Kent Keyser (C) talks about how the repeal of Obamacare would negatively impact him and other disable people during a conference outside the Capitol on March 9, 2017. (Getty Images) US Republican leaders in the House of Representatives have postponed a planned vote on legislation to repeal Obamacare as President struggles to gather support from members of his own Republican Party amid a wave of defections from the proposed replacement bill.
The vote, which was scheduled for Thursday, was delayed amid signs that the replacement legislation to eliminate former President Barack Obama’s signature domestic achievement – the Affordable Care Act or Obamacare – was in deep trouble.
Trump had agreed to many of the demands that the most conservative House Republicans had made, including ending requirements that health insurance plans provide benefits in 10 broad categories, including maternity care, emergency services, mental health and wellness visits.
On Thursday, Trump met at the White House with some of the bill’s strongest opponents – the Freedom Caucus – a congressional caucus consisting of conservative Republican lawmakers in the House of Representatives.
Its members say the bill, known formally as the American Health Care Act, does not go far enough to repeal Obamacare.
“We’re certainly trying to get to ‘yes,’” said Representative Mark Meadows, Republican of North Carolina and the chairman of the House Freedom Caucus. “We’ve made very reasonable requests and we’re hopeful that those reasonable requests will be listened to and ultimately agreed to.”
Trump had agreed to many of the demands that the Freedom Caucus had made, including ending requirements that health insurance plans provide a basic set of benefits like emergency services, mental health, wellness visits and maternity care.

Protesters march towards the Federal Building during a “Save the Affordable Care Act” rally in Los Angeles, California on March 23, 2017. (AFP photo)But it was not enough to secure the group’s votes. Meanwhile, more moderate House Republicans were walking away from the bill.

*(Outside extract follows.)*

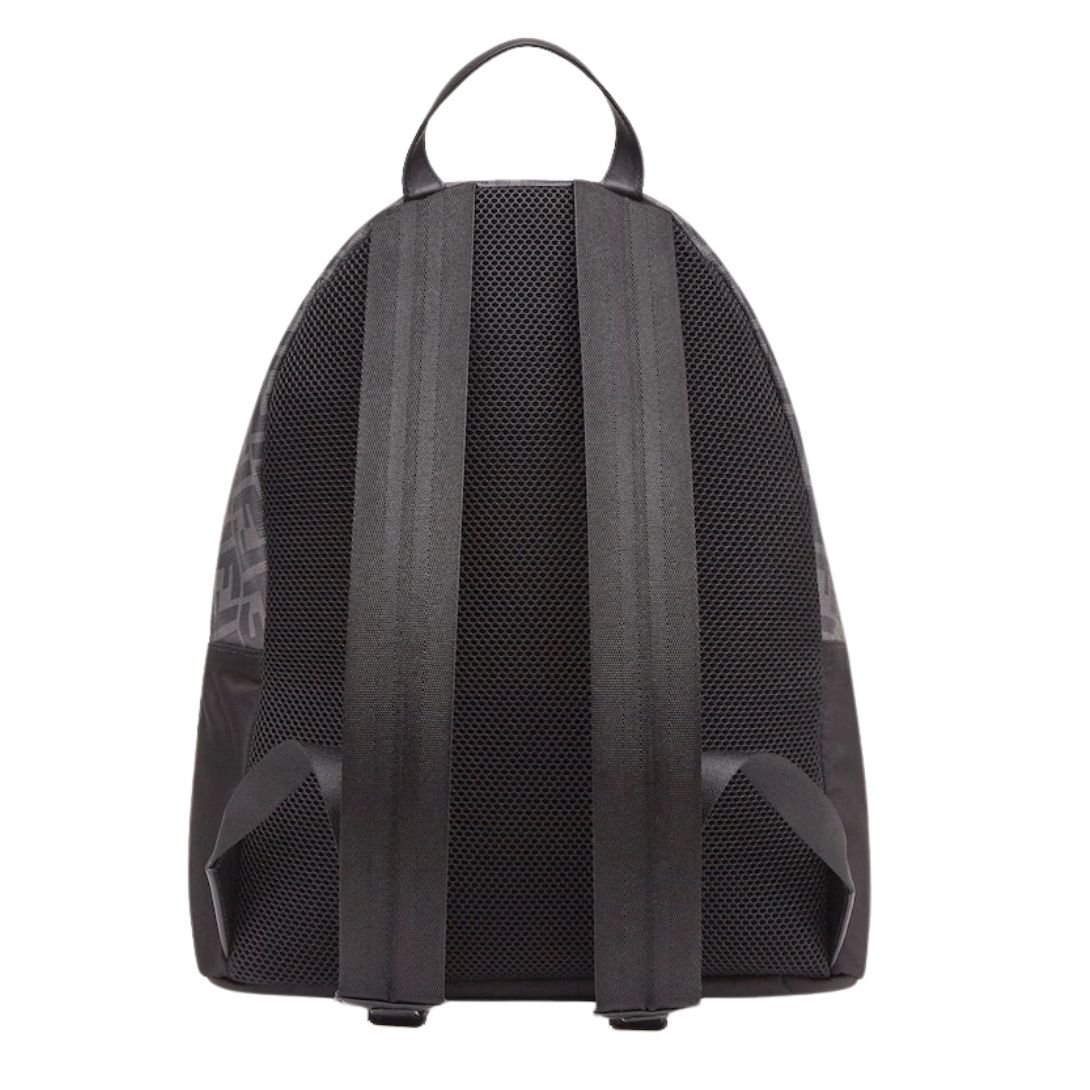 This large backpack is made of durable black nylon, offering a sleek, modern look with added functionality. The front pocket, crafted from gray textured weave fabric with the iconic FF motif, enhances its aesthetic while providing practical storage.

After all the negotiations, however, passage of the bill seemed more distant. Some lawmakers hesitated at the removal of health insurance and benefits their constituents depend on.
The changes that the Trump administration has made to Obamacare have alienated some Republicans who were already nervous about the bill.
Republican Party leaders appeared to be short of a majority as the crucial vote approached on Thursday, with moderate Republicans continuing to move away from the bill.
Representative Charlie Dent, a Republican from Pennsylvania, announced Wednesday night that he would oppose the bill.
“I believe this bill, in its current form, will lead to the loss of coverage and make insurance unaffordable for too many Americans, particularly for low- to moderate-income and older individuals,” Dent said.
Health care experts from across the political spectrum say that the House Republican health care bill was unworkable and suffered from fatal flaws and could lead to Americans dropping out of the health care market.
Experts agree that the bill fails to reach the objectives laid forth by Trump, which includes affordable coverage for everyone; lower deductibles and health care costs and better care.